Tuesday, April 12, 2005

Behavior: Compassion and a Little Conspecific Attraction

So I just read two mildly interesting articles from SciAm. Excerpts are below.

The subject of the first article is a near toothless skull that was found that suggests that early Homo may have not only been social but very compassionate. This skull had tooth sockets that had grown over and thus clearly had been toothless for a long while during the life of the individual.

Toothless Skull Raises Questions about Compassion among Human Ancestors
In order to survive without the ability to chew or bite meat, the gummy individual would have needed to collect sufficient soft food, including bone marrow, brain matter or soft plant food. Such gathering or processing could have been done alone, but the scientists posit that other individuals may have helped because of the individual's advanced age or illness, either of which could have been responsible for the loss of his teeth. The discovery, the authors conclude, "raises interesting questions regarding social structure, life history and subsistence strategies of early Homo that warrant further investigation."

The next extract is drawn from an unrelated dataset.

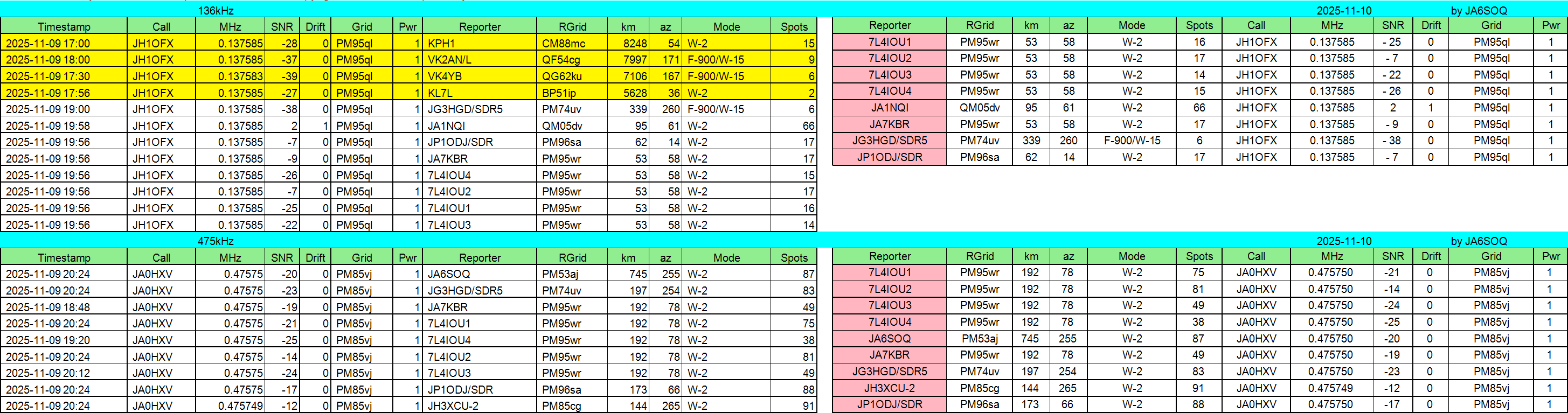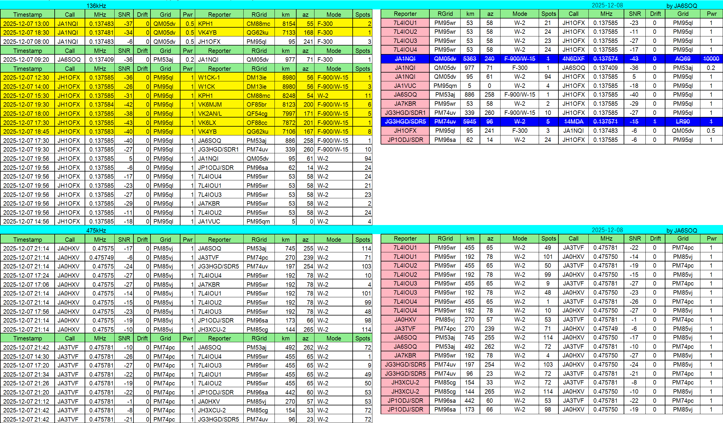 475kHz送信2局、受信8局でした。(総処理数3211局)

The second article discusses a new finding that some fish are attracted to coral reefs that contain certain sounds. Other studies have been done (on birds, for example) very similar to this that show that many animals have a sort of conspecific attraction that draws them toward the sounds of their own species. This is usually a pretty honest signal of the quality of a nest site (it's good to know that other of the same species are surviving there). Something similar may be going on with these fish. What's interesting is that animals tend to have pretty good memories of these sorts of things. This indicates that you can lead animals toward a managed area as a conservation measure. This also indicates that certain areas, however wonderful they may be, may not draw any animals to it if it isn't appropriately attractive. However, a big thing is that this indicates that foreign sounds (sonar, for example) may prevent an animal from ever returning to a perfectly good area.

Sounds Guide Young Fish toward Home
The discovery that fish respond to reef sounds suggests a potentially valuable management tool, the authors say. "This is a significant step forward in our understanding of their behavior, which should help us to better predict how we should conserve or harvest populations of reef fishes in the future," Simpson remarks. "It should also alert policymakers to the damage that human activities like drilling and shipping may have on fish stocks because they drown out the natural clues given by animals."

The main point here is that behavior is important. You cannot have a good conservation strategy without understanding behavioral ecology. Behavior tells us a lot about how human beings will respond to certain measures, and similarly behavior tells us how animals will respond as well. It even allows us to communicate things to the animals, like where good places to nest are.